Duke University apologizes after VP gets baristas fired over Young Dolph song

Young Dolph thegrio.comLOS ANGELES, CA – JUNE 25: Rapper Young Dolph performs onstage at night four of the Late Night Concert during the 2017 BET Experience at The Novo by Microsoft on June 25, 2017 in Los Angeles, California. (Photo by Paras Griffin/Getty Images for BET)

A controversy over a Young Dolph song playing in a Duke University coffee shop that led to the firing of two baristas resulted in angry protests on Wednesday.

The owner of the Joe Van Gogh coffee company apologized for his handling of a situation that saw two baristas get fired after a Duke Vice President for Student Affairs, Larry Moneta complained about Dolph’s “Get Paid” (Warning: NSFW, obviously) being played and wanted them to CutIt.

Moneta expressed his displeasure over the song and the barista Brittni Brown turned it off and apologized, even offering him a free muffin. He declined it and insisted on paying.

Afterwards, however, Moneta reported the incident to the director of Duke’s dining services, which in turn led to the firing of Brown and her co-worker.

Robbie Roberts, the coffee business owner, posted a statement on its website Wednesday after the firings made national news. He said the company was taking steps “to remedy this matter.”

“Joe Van Gogh apologizes to our employees, customers and community for how we handled a situation involving our Duke University store,” Roberts said. “We attempted to understand Duke’s position in this case, but we should have taken a different approach in making personnel decisions.”

The controversy grew into a full-on protest on Wednesday afternoon, after more than a dozen protesters gathered outside the shop blasting the Young Dolph song.

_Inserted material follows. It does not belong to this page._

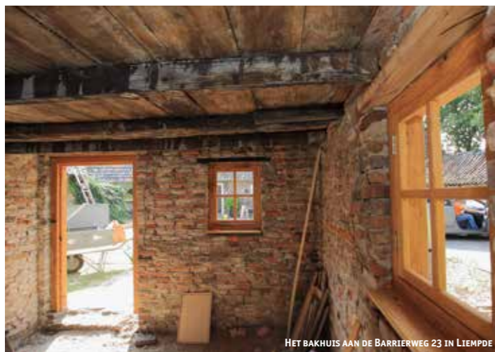
HET BAKHUIS AAN DE BARRIERWEG 23 IN LIEMPE

Op zaterdag 22 oktober heeft een club enthousiastelingen van onder meer Stichting Brabantse Bronnen, Natuurwerkgroep Liempde en SPPiLL een gedeelte van de grenswal in natuurgebied De Geelders aangeplant. Dit met als doel om de oorspronkelijke begroeiing van de grenswal terug te brengen en het historische landschap van De Geelders te herstellen en beleefbaar te maken. De beplantingswerkzaamheden zijn uitgevoerd na aanbevelingen van Ecologisch Adviesbureau Maes. Het rapport, dat gaat over de historische inrichting en beplanting van de grenswal, is eerder dit jaar uitgegeven en te downloaden van de website ( www.sppill.nl ). De grenswallen zijn eeuwenoud en worden met dit project weer extra onder de aandacht gebracht bij voorbijgangers. Uit onderzoek, dat in 2014 en 2015 als onderdeel van het project is uitgevoerd, blijkt dat het zeer aannemelijk is dat de grenswallen in de tweede helft van de dertiende eeuw zijn aangelegd. Vanaf de schutskooi bij De Geelders start een route van ruim één kilometer die grotendeels op de aanwezige grenswallen loopt. Langs de route zijn diverse informatiepaneeltjes geplaatst met informatie over de grenswallen en het gebruik van het gebied.

The demonstration was attended by students and some Joe Van Gogh employees, including the two who were fired.

Carrying a boombox that looped the song in question, “Get Paid” by Young Dolph, the group made its way into the student union to Moneta’s office. He allowed a few protesters in for a short conversation.

Dolph even chimed in on Twitter:

Moneta later wrote on Facebook that it was not his intent to have the employees fired, which seems to contradict the Indy Week story that said that Duke officials demanded the terminations.

“I felt and still feel that the choice of music for the venue was inappropriate,” he added. “But if my actions in any way lead to their dismissal, I apologize and hope that the JVG management consider ways to reinstate their employment with the company.”

For what it’s worth, Brown said she didn’t want her job back.

“Honestly, working here was pretty amazing,” said Brown, 24, of Durham. But, she added, “I have already made my mind up that I am not returning to Duke or Joe Van Gogh.”

Brown said she had heard rap with explicit lyrics at a number of public spots on campus. She said the baristas had chosen a playlist that included “Get Paid,” but did not specifically choose the song. “This was like an honest mistake that just happened to pop up on a playlist,” she said.

She thanked the protesters for showing support on Wednesday, adding, “you don’t know what this means to me, as a lowly African American barista working on a white supremacist campus.”